» HOW TO COMPLETE THIS TASK: If a record contains a picture, drop the picture and copy everything else exactly.

--- TASK INPUTS ---

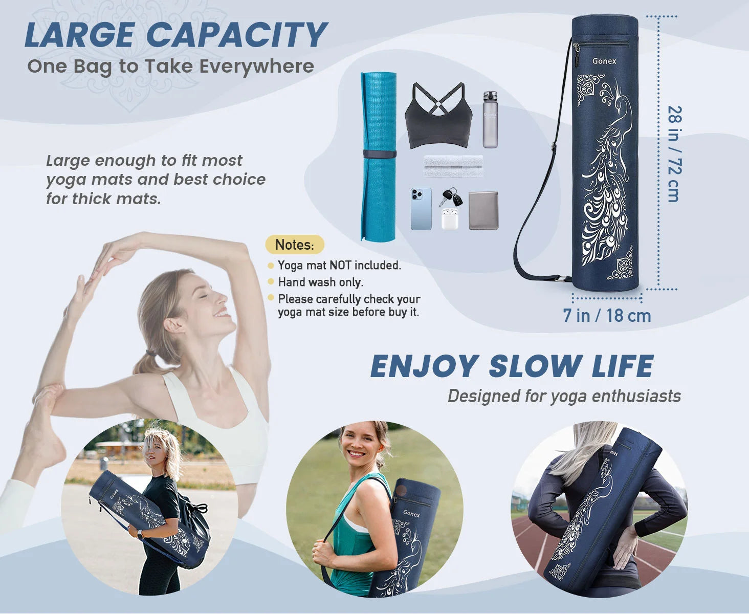 - Entdecken Sie die hochwertige Gonex Yogamattentasche mit atemberaubendem Pfauenmuster, fachmännisch gefertigt aus robustem 600D Oxford-Stoff mit 210D verstärkten Nähten. Dieses wasserabweisende Design gepaart mit glatten SBS-Reißverschlüssen sorgt dafür, dass Ihre Yogautensilien während unzähliger Übungseinheiten geschützt bleiben.
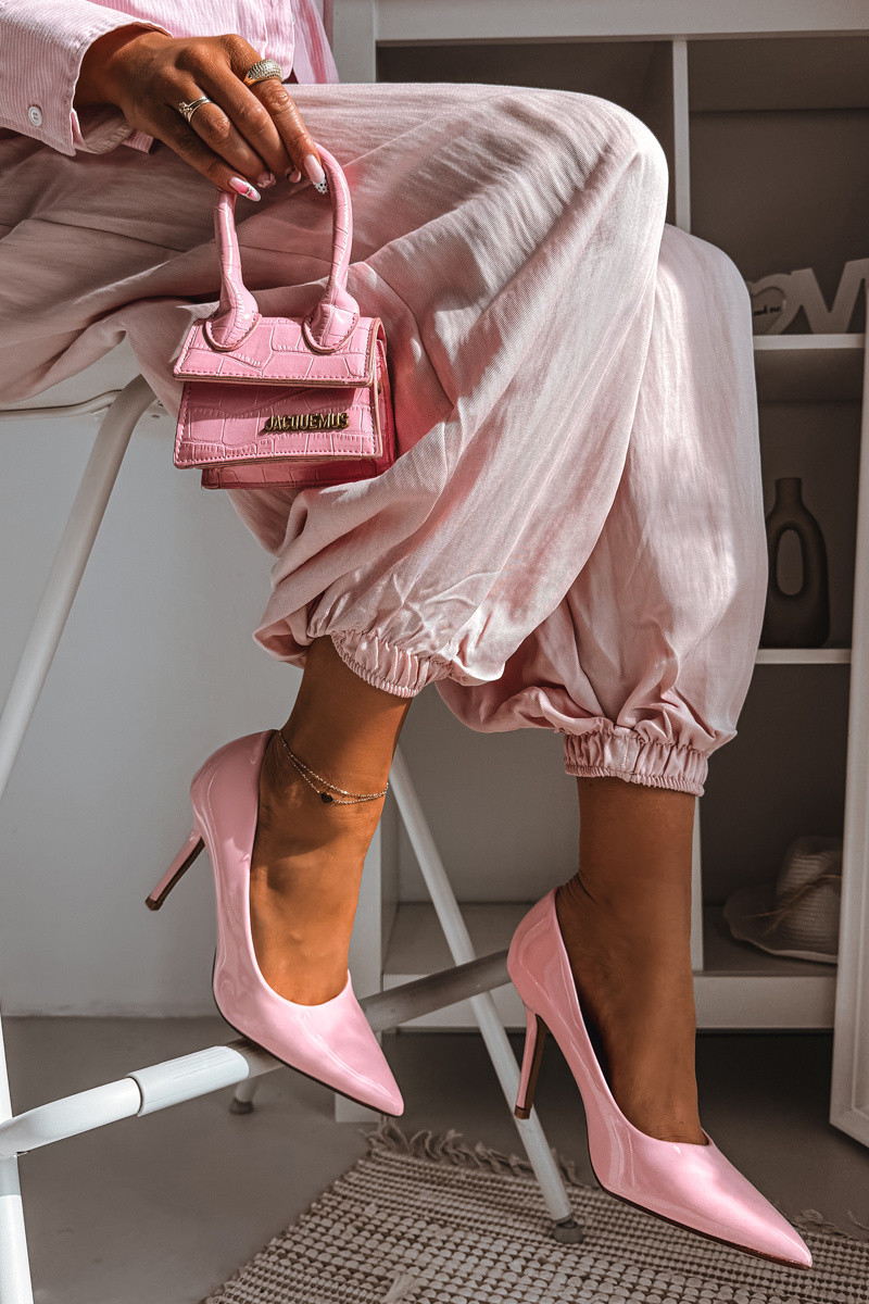 Klasiskie lakoti augstpapēžu zābaki rozā krāsā mākslīgā āda Odira
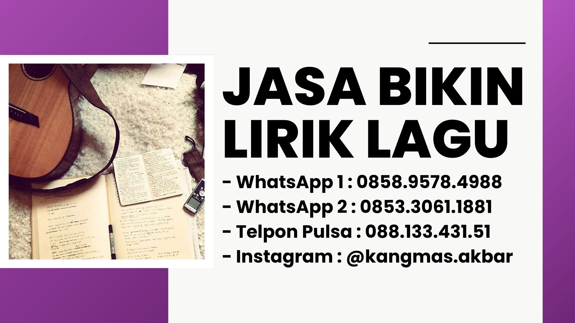 Mas Akbar siap membuatkan lirik lagu untuk berbagai genre musik (Indie, Jazz, Reggae, EDM, Hiphop, Keroncong, Pop, Rock, Dangdut)
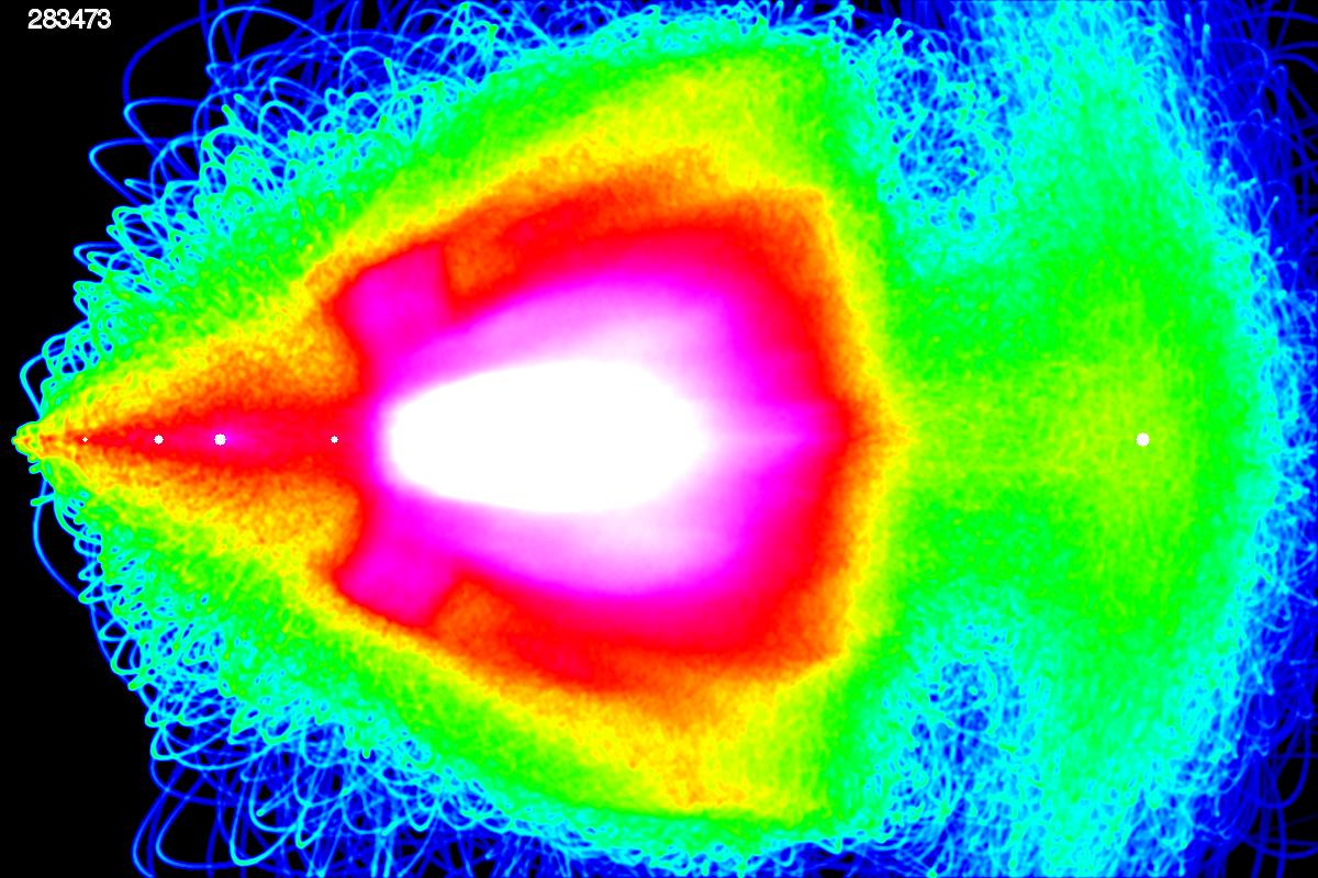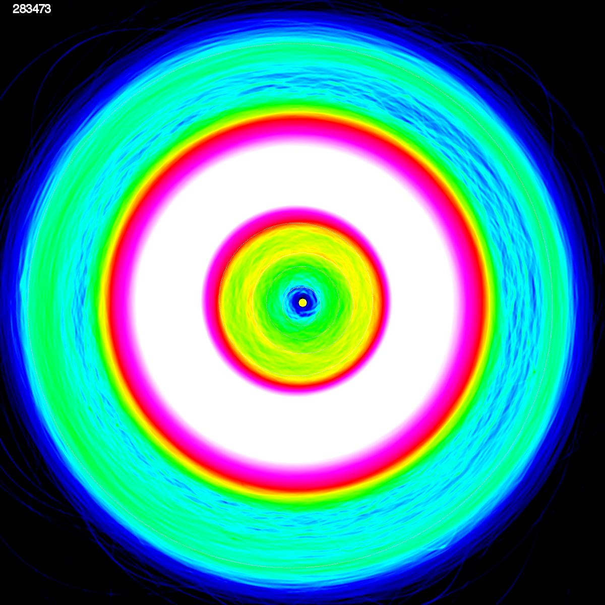 The plots show densities mapped in false colour, with a logarithmic scale so we can fit the full range of densities in a somewhat meaniful fashion. There are 2 versions of each movie, one has the density scale normalised to the peak density in each frame, the second has the density normalised to the peak density in the final frame. Two different mappings are displayed, one is a simple projection of the ecliptic, essentially looking down on the orbit of the planets, the other is a toroidal mapping which maps distance from the sun horizintally and altitude above the ecliptic vertically.
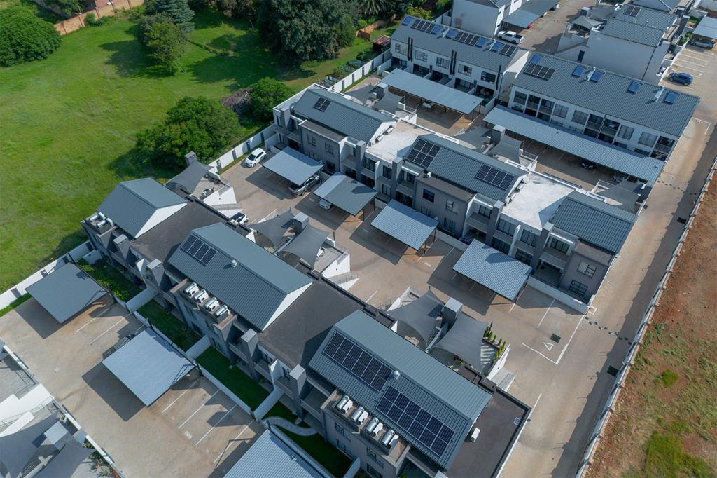 The complex itself features a stylish, modern exterior with dark and light grey tones, and solar panels on the roofs.
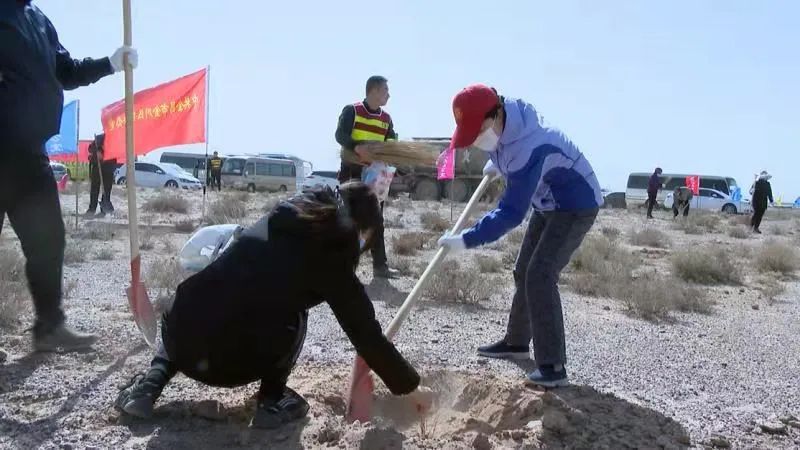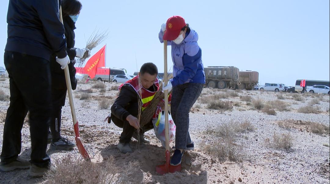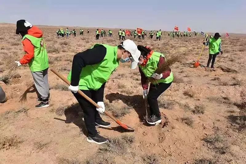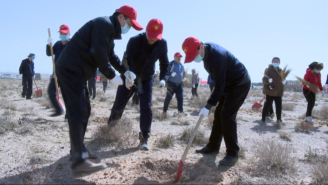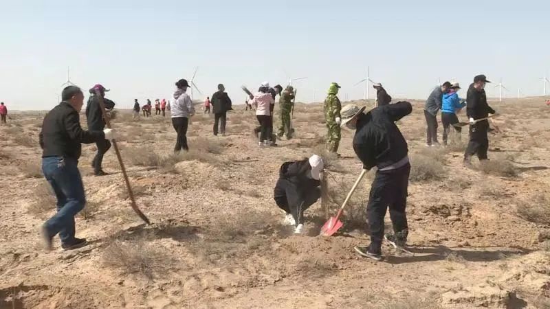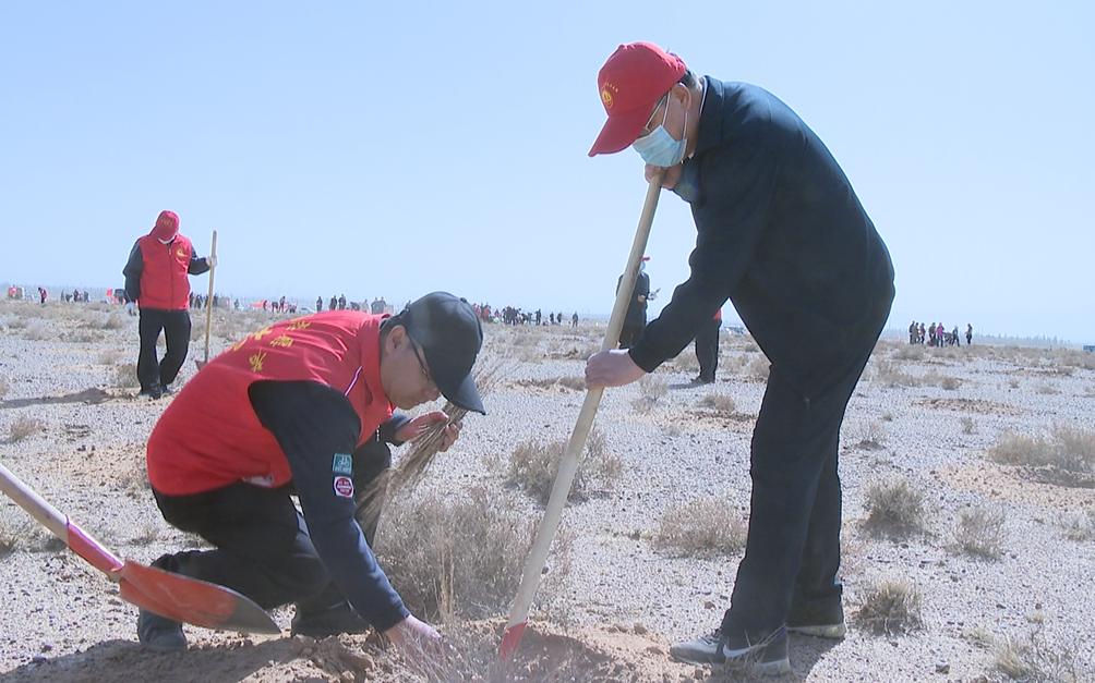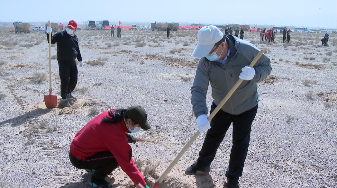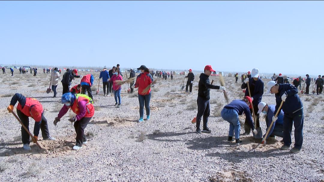 春回大地万物苏,植树添绿正当时。3月26日下午,在金川区北大滩国有荒滩植树造林项目现场,我市1600余名机关干部职工及志愿者挥锹植绿,全市春季义务植树活动掀起高潮。
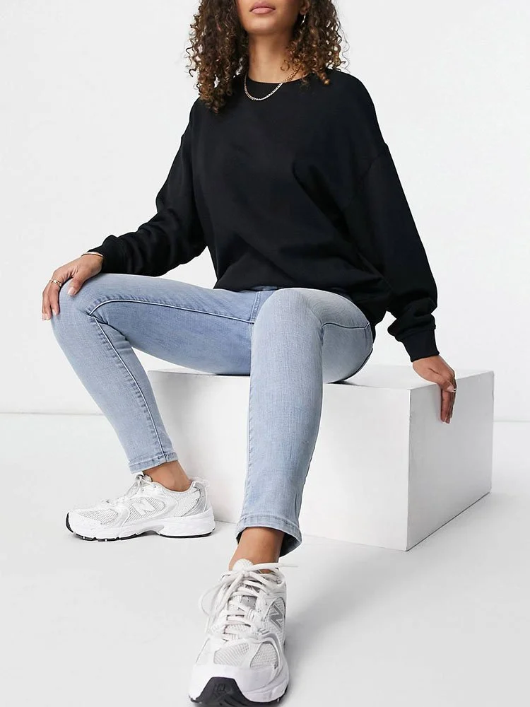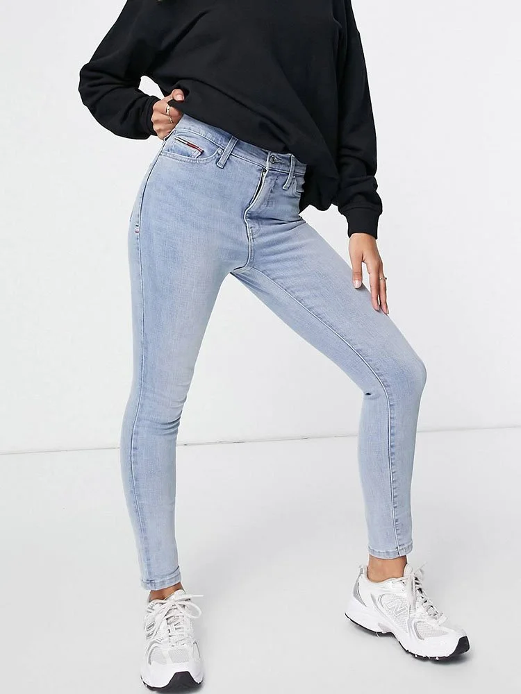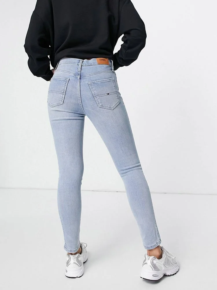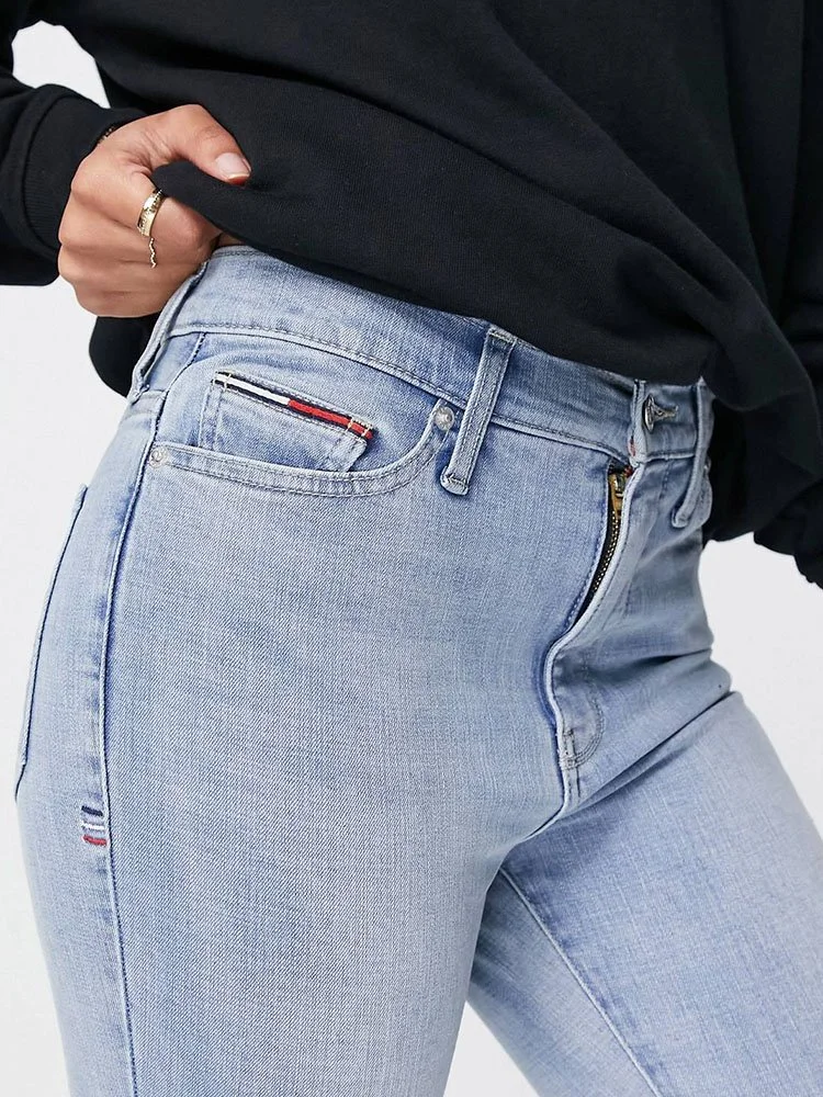 Jeans ajustados de tiro alto con trabillas para el cinturón, bragueta con cierre, cinco bolsillos y parche de la marca en la parte posterior.
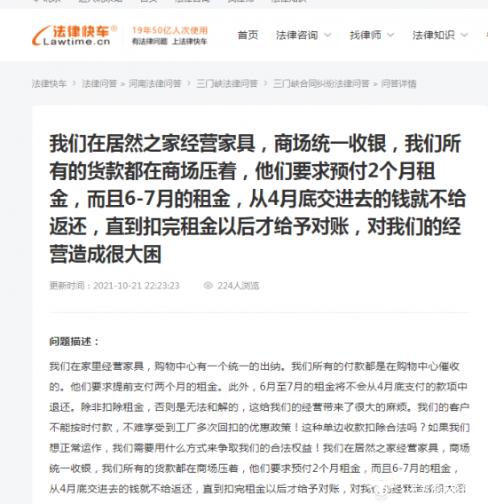 此外,通过搜索居然之家相关关键词发现,在某平台的法律问答中,就有商户曾提问道,自己所有的货款都在商场压着,卖场则要求预付两个月租金,否则4月底交进去的钱就不给返还,除非扣完押金才让对账,这给他们的经营造成了很大的麻烦。不过该事的真实度存疑。
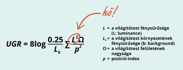 Egy egyszerű példa a fenti képen: két világítótest két teljesen azonos fénykört vetít adott távolságból. A kisebb világítótest fénysűrűsége azonban arányosan nagyobb, így jobban vakít, ha szembenézünk vele (minden olyan távolságból, ahonnét a két forrás méretének különbsége jelentős – tipikus régi vs. új autólámpák példájánál maradva ez legalább 30, de inkább 100+ méter). Ez a káprázás becslésére szolgáló egyenletekben is megmutatkozik: a fénysűrűség négyzetesen járul hozzá a végeredményhez! Vagyis kétszeres fénysűrűség négyszer zavaróbb.

---

» ANSWER BOX:
 - Entdecken Sie die hochwertige Gonex Yogamattentasche mit atemberaubendem Pfauenmuster, fachmännisch gefertigt aus robustem 600D Oxford-Stoff mit 210D verstärkten Nähten. Dieses wasserabweisende Design gepaart mit glatten SBS-Reißverschlüssen sorgt dafür, dass Ihre Yogautensilien während unzähliger Übungseinheiten geschützt bleiben.
 Klasiskie lakoti augstpapēžu zābaki rozā krāsā mākslīgā āda Odira
 Mas Akbar siap membuatkan lirik lagu untuk berbagai genre musik (Indie, Jazz, Reggae, EDM, Hiphop, Keroncong, Pop, Rock, Dangdut)
 The plots show densities mapped in false colour, with a logarithmic scale so we can fit the full range of densities in a somewhat meaniful fashion. There are 2 versions of each movie, one has the density scale normalised to the peak density in each frame, the second has the density normalised to the peak density in the final frame. Two different mappings are displayed, one is a simple projection of the ecliptic, essentially looking down on the orbit of the planets, the other is a toroidal mapping which maps distance from the sun horizintally and altitude above the ecliptic vertically.
 The complex itself features a stylish, modern exterior with dark and light grey tones, and solar panels on the roofs.
 春回大地万物苏,植树添绿正当时。3月26日下午,在金川区北大滩国有荒滩植树造林项目现场,我市1600余名机关干部职工及志愿者挥锹植绿,全市春季义务植树活动掀起高潮。
 Jeans ajustados de tiro alto con trabillas para el cinturón, bragueta con cierre, cinco bolsillos y parche de la marca en la parte posterior.
 此外,通过搜索居然之家相关关键词发现,在某平台的法律问答中,就有商户曾提问道,自己所有的货款都在商场压着,卖场则要求预付两个月租金,否则4月底交进去的钱就不给返还,除非扣完押金才让对账,这给他们的经营造成了很大的麻烦。不过该事的真实度存疑。
 Egy egyszerű példa a fenti képen: két világítótest két teljesen azonos fénykört vetít adott távolságból. A kisebb világítótest fénysűrűsége azonban arányosan nagyobb, így jobban vakít, ha szembenézünk vele (minden olyan távolságból, ahonnét a két forrás méretének különbsége jelentős – tipikus régi vs. új autólámpák példájánál maradva ez legalább 30, de inkább 100+ méter). Ez a káprázás becslésére szolgáló egyenletekben is megmutatkozik: a fénysűrűség négyzetesen járul hozzá a végeredményhez! Vagyis kétszeres fénysűrűség négyszer zavaróbb.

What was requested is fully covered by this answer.